Delbert got Bruiser some fresh water before pulling the lasagna out of the fridge. Booker headed into the living room, where he could hear the television. He wanted to talk to Katie, to find out whether she’d spoken to her parents today or made any decisions about her future. He recognized the difficulty of her situation. He blamed Andy for much of it. But he was determined not to get personally involved with Katie again—on any level. Which meant they had to make other arrangements as soon as possible.
The television flickered in the corner, providing the room’s only light. Booker could see Katie lying on the couch in front of it, but when he drew closer, he realized she was asleep.
He was just deciding whether to wake her, so they could get their little talk out of the way, when the telephone rang. Who’d be calling at midnight? he wondered and grabbed the cordless phone off its base.
“Hello?”
Whoever was on the other end slammed down the receiver.
“Was that my parents?” Katie asked, obviously struggling to wake up.
“Maybe.” He replaced the phone. “Why? Are you expecting them to call?”
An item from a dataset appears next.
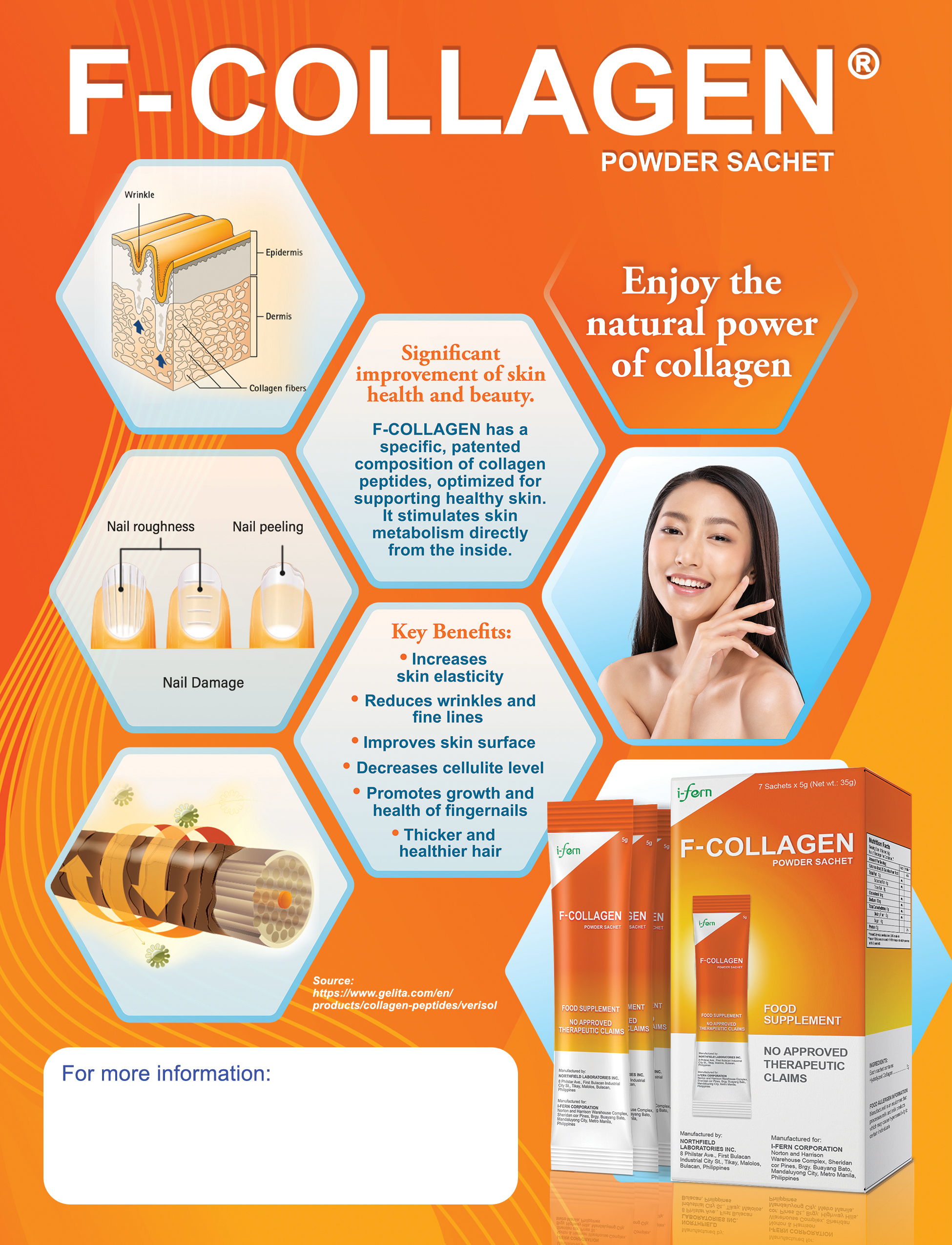 Unlock the natural power of collagen with F-Collagen Powder Sachet, a premium collagen peptide supplement designed to support healthy, youthful-looking skin from within. Formulated with a specific, optimized blend of collagen peptides, this advanced formula helps stimulate skin metabolism, improve elasticity, and reduce visible signs of aging. It works internally to promote smoother skin, stronger nails, and healthier hair, making it an ideal addition to your daily vitamins for adults routine.

She blinked up at him. Her mascara was smudged, her face bore the imprint of the fabric covering the couch, and her hair stuck up on one side. She looked her worst. But he didn’t care. His mind immediately conjured up the feel of that soft pouty mouth beneath his and the expression in her blue eyes when he’d first cupped her breast….
Resenting how the past two years seemed to fall away so easily, he reminded himself that what they’d had was over. For good.
“Not really.” She tried to smooth down her hair. “I…I thought they might try to contact me. You know, just to check up.”
Her brittle smile and casual tone didn’t ring true, but Booker refused to feel any sympathy. He needed to get rid of her, and he needed to do it fast, before his memories undid all the progress he’d made over the past two years. “Maybe we should call them in the morning,” he said.
She grimaced and stared at the phone. “If they wanted to talk to me, they would’ve done so by now, don’t you think?”
He settled in the recliner. “What about your father? Have you tried contacting him? Maybe he doesn’t feel quite as strongly as your mother does.”